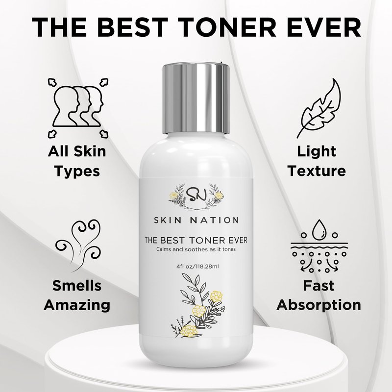 Discover the Magic of Skin Nation's Best Toner Ever When it comes to effective skincare, a well-balanced routine is essential. Among the many steps, using a toner is often overlooked, but it can make a significant difference in your skin care regimen. Skin Nation's face toner is a versatile toner for face, designed to cater to a wide range of skin types and concerns and this facial toner is more than just a facial cleanser; it's a skincare essential. Let's see how: Rose Water Elegance Rosewater has been revered in skincare for its soothing and balancing properties. Skin Nation's Rose water toner helps tone and refresh your skin. It's particularly beneficial for those with sensitive skin. Aloe Vera's Healing Touch Aloe vera is known for its ability to hydrate and soothe the skin and our skin toner features Aloe Vera, making it a perfect choice for those seeking an extra layer of moisture in their skincare routine, making it a valuable addition to your facial skincare products. Pore Minimizer for Face If you're troubled by enlarged pores, we can help. It serves as a pore minimizer, working to refine and tighten your pores. With regular use, this toner plus pore cleaner can give your skin a smoother, more even texture. Hydrating Toner Hydration is key to maintaining healthy and youthful-looking skin. This toner functions as a hydrating toner, ensuring your skin remains adequately moisturized throughout the day. Cleanser and Toner in One As a cleanser, it helps remove impurities, while it balances your skin's pH levels and preps your skin for the next steps in your skincare routine. Astringent for Face If you have oily skin and are in search of an effective astringent, our toner for oily skin or dry skin is a great choice. It helps control excess oil production and keeps your skin looking fresh throughout the day. In conclusion, Skin Nation's Best Toner Ever is a wonderful toner for women or men and of all skin types.
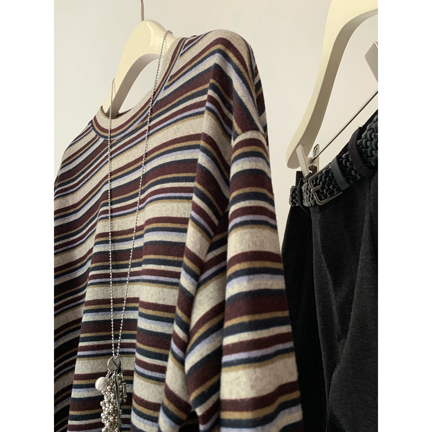 宽松内搭外穿打底衫 韩版 上衣 T恤女春秋季 韩系慵懒风撞色条纹长袖
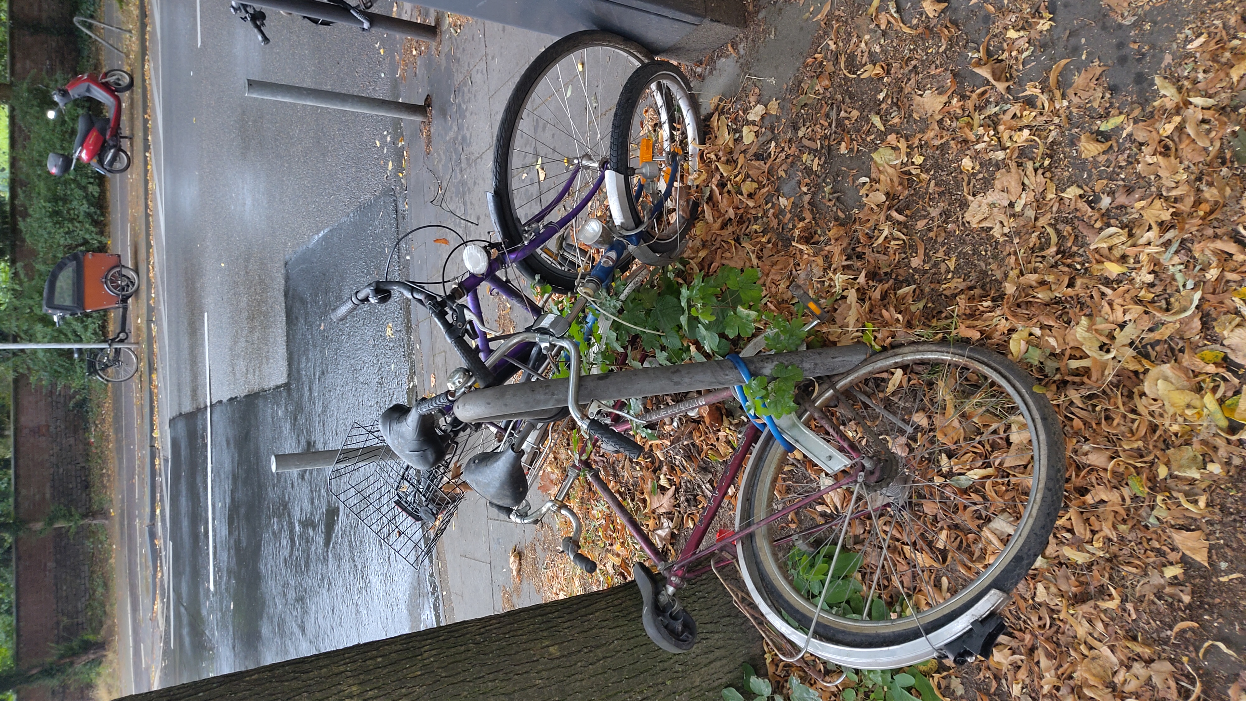 Köln / Cologne, Deutschland | open | Schrottfahrräder | Drei alte Fahrräder mit leeren Reifen die schon über ein Jahr an dem selben Fahrradständer stehen. |  | about 1 year ago |
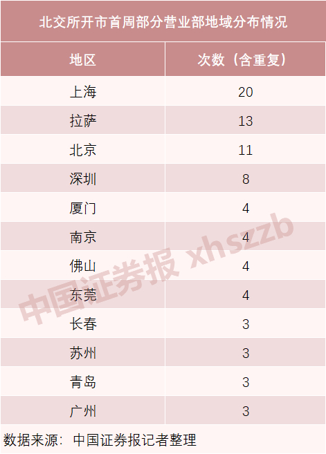 上海资金最为活跃。按营业部所地区统计,上海、拉萨、北京、深圳四地的营业部各上榜20次、13次、11次、8次。厦门、南京、佛山、东莞各上榜4次,长春、苏州、青岛、广州各上榜3次。

- - - -

Word for word, restate the material above; do not carry over the pictures.

 Discover the Magic of Skin Nation's Best Toner Ever When it comes to effective skincare, a well-balanced routine is essential. Among the many steps, using a toner is often overlooked, but it can make a significant difference in your skin care regimen. Skin Nation's face toner is a versatile toner for face, designed to cater to a wide range of skin types and concerns and this facial toner is more than just a facial cleanser; it's a skincare essential. Let's see how: Rose Water Elegance Rosewater has been revered in skincare for its soothing and balancing properties. Skin Nation's Rose water toner helps tone and refresh your skin. It's particularly beneficial for those with sensitive skin. Aloe Vera's Healing Touch Aloe vera is known for its ability to hydrate and soothe the skin and our skin toner features Aloe Vera, making it a perfect choice for those seeking an extra layer of moisture in their skincare routine, making it a valuable addition to your facial skincare products. Pore Minimizer for Face If you're troubled by enlarged pores, we can help. It serves as a pore minimizer, working to refine and tighten your pores. With regular use, this toner plus pore cleaner can give your skin a smoother, more even texture. Hydrating Toner Hydration is key to maintaining healthy and youthful-looking skin. This toner functions as a hydrating toner, ensuring your skin remains adequately moisturized throughout the day. Cleanser and Toner in One As a cleanser, it helps remove impurities, while it balances your skin's pH levels and preps your skin for the next steps in your skincare routine. Astringent for Face If you have oily skin and are in search of an effective astringent, our toner for oily skin or dry skin is a great choice. It helps control excess oil production and keeps your skin looking fresh throughout the day. In conclusion, Skin Nation's Best Toner Ever is a wonderful toner for women or men and of all skin types.
 宽松内搭外穿打底衫 韩版 上衣 T恤女春秋季 韩系慵懒风撞色条纹长袖
 Köln / Cologne, Deutschland | open | Schrottfahrräder | Drei alte Fahrräder mit leeren Reifen die schon über ein Jahr an dem selben Fahrradständer stehen. |  | about 1 year ago |
 上海资金最为活跃。按营业部所地区统计,上海、拉萨、北京、深圳四地的营业部各上榜20次、13次、11次、8次。厦门、南京、佛山、东莞各上榜4次,长春、苏州、青岛、广州各上榜3次。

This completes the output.